What does that mean? That the algorithm is a recursive algorithm that starts dealing with smaller numbers in each call, and by doing that at some point it will magically (magically as in complex math, something like mathgically) arrive to the solution (the largest divisor) or the minimum common divisors of all natural numbers 1. So it’s a top-down approach.

It all starts with expressing the largest number as a factor of the smallest. Let’s use for our example 1071 and 462.

2 important pieces of information:

• 1071 / 462 = 2
• 1071 % 462 = 147

So 1071 can be expressed as 1071 = 462 * 2 + 147. This is just decomposing the division into a multiplication and a sum.

In a more general form large number = small number * divisor + remainder.

Then, the algorithm leverages the following mathematical property:

gcd(a, b) = gcd(b, r)

Where a = b * q + r. So if we can solve gcd(smallest, remainder) then we will find the answer to the question gcd(largest, smallest).

Let’s take this a step further as we haven’t finished yet.
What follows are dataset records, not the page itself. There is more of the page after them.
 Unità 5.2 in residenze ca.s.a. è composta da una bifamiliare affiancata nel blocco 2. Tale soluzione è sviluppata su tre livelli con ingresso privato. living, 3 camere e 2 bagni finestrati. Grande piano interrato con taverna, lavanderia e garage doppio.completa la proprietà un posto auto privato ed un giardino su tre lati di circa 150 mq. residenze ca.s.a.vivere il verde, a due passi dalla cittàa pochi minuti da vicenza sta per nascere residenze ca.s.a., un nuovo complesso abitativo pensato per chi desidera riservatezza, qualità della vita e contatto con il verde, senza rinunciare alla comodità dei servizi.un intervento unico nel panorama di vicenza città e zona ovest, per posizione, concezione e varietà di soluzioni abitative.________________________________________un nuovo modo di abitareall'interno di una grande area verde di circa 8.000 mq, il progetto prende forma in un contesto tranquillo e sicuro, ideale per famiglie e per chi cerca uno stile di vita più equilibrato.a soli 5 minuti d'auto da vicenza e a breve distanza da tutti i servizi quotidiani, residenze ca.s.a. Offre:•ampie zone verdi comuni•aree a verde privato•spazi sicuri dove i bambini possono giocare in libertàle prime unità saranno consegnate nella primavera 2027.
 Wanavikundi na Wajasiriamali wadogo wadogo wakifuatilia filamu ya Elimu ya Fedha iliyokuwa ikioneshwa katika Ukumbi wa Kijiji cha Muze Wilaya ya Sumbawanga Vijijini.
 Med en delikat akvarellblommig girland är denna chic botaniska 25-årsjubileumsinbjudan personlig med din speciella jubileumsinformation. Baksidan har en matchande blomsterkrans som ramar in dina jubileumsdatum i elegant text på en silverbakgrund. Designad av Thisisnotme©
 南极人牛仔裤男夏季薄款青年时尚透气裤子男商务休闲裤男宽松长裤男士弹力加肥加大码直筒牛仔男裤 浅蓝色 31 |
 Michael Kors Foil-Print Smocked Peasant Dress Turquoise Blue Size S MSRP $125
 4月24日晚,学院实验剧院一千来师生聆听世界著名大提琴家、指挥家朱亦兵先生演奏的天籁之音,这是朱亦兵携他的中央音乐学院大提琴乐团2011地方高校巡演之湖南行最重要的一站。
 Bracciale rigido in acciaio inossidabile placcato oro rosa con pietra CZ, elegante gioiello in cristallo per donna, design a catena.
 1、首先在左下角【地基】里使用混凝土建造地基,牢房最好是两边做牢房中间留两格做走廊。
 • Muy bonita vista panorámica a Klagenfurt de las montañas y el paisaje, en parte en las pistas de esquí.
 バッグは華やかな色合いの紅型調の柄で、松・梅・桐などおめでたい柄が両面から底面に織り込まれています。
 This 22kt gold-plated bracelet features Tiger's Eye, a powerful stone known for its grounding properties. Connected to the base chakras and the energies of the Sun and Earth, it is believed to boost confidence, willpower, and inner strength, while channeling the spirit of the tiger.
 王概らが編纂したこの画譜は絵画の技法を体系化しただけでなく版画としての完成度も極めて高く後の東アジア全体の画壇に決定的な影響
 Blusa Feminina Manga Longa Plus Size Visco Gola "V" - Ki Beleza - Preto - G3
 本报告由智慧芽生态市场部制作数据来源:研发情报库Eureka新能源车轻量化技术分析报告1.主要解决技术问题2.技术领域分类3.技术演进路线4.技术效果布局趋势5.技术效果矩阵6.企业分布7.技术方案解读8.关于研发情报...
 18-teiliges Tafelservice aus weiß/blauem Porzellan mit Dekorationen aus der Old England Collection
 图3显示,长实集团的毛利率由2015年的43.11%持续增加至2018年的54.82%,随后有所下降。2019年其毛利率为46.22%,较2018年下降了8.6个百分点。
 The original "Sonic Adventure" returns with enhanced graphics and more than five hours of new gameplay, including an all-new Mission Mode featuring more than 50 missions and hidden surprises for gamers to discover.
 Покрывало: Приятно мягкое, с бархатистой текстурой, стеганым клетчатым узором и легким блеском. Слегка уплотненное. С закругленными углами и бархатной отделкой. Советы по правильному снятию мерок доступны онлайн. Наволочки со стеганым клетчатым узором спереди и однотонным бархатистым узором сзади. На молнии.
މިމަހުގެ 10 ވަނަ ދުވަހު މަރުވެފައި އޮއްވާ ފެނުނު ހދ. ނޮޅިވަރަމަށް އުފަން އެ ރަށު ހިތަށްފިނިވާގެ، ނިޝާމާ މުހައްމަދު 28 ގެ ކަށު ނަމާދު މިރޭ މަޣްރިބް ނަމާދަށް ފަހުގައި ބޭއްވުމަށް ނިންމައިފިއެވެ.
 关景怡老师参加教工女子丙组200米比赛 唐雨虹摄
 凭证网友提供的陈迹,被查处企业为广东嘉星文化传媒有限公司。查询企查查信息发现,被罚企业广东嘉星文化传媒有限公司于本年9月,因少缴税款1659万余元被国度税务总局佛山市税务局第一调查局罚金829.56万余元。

We are now going to decompose 462 by using the remainder.

462 = 147 * 3 + 21

In code this would be something like:

remainder = largest % smallest;
largest = smallest;
smallest = remainder;

Let’s do another round:

147 = 21 * 7 + 0

And because the remainder is now 0, that means that we have found our answer 21.

Maybe the same example in pen and paper helps to bring some clarity to the logic:

Code

Our final version of the recursive algorithm with some extra sanitization.

int gcd(int largest, int smallest) {
    // Input sanitization
    if (smallest > largest) return gcd(smallest, largest);
    
    int remainder = largest % smallest
    
    // Smallest is the first (thus the largest) divisor found
    if (remainder == 0) return smallest;    
    
    return gcd(smallest, remainder);
}

GCD of a String

The reason why I ended up reading about GCD is because I was working on a coding challenge and wondered…

Is there a better way of doing this?

– Pablo

I found that asking myself that question regardless of me solving the challenge or not, always leads me to checking other people solutions and that’s where I learn the most.

Enough chit chat, let’s jump into the problem I was working on.

Let’s think about it for a moment

A priori the problem looks nothing like calculating GCD between two numbers, but actually they are more similar than what you might think at first.

• We have 2 inputs, a largest and a smallest.
• Largest input can be expressed as largest = smallest * divisor + remainder.

But how do we even do a division between Strings?

We can use startsWith method to check if a String is divisible by another.

Example:

Largest	Smallest	Divisible
ABABAB	ABAB	true
ABABAB	AB	true
ABABAB	A	true
ABABAB	AC	false

But this is not enough to solve our problem, because we need to find a divisor that gives us a remainder of zero in order to find our GCD.

How do we find the remainder? We can just take the portion of the largest input that comes after the divisor. Let’s expand our previous example.

Largest	Smallest	Divisible	Remainder
ABABAB	ABAB	true	AB
ABABAB	AB	true	ABAB
ABABAB	A	true	BABAB
ABABAB	AC	false	-

And from now on we can just simply apply the Euclidean algorithm and recurse with the smallest taking the place of the largest and the remainder taking the place of the smallest.

Let’s do a full example and notice how largest = smallest + reminder

// 1 iteration
largest = "ABABAB"
smallest = "ABAB"
remainder = "AB"

// 2 iteration
largest = "ABAB"
smallest = "AB"
remainder = "AB"

// 3 iteration
largest = "AB"
smallest = "AB"
remainder = "" 

Code

public String gcdOfStrings(String largest, String smallest) {
    // Input sanitization
    if (smallest.length() > largest.length()) return gcdOfStrings(smallest, largest);
    
    if (largest.startsWith(smallest)) {
        String remainder = largest.substring(smallest.length());

        if (remainder.isEmpty()) return smallest;
        
        return gcdOfStrings(smallest, remainder);
    }
    
    return "";
}

Tough problem. I don’t expect anybody to come up with this clever solution, and even myself I’m not sure I understand how the magical Euclidean algoritm solves the GCD problem. Anyway, I still thought it was interesting to talk about it as I struggled a bit while searching for explanations to this leetcode challange.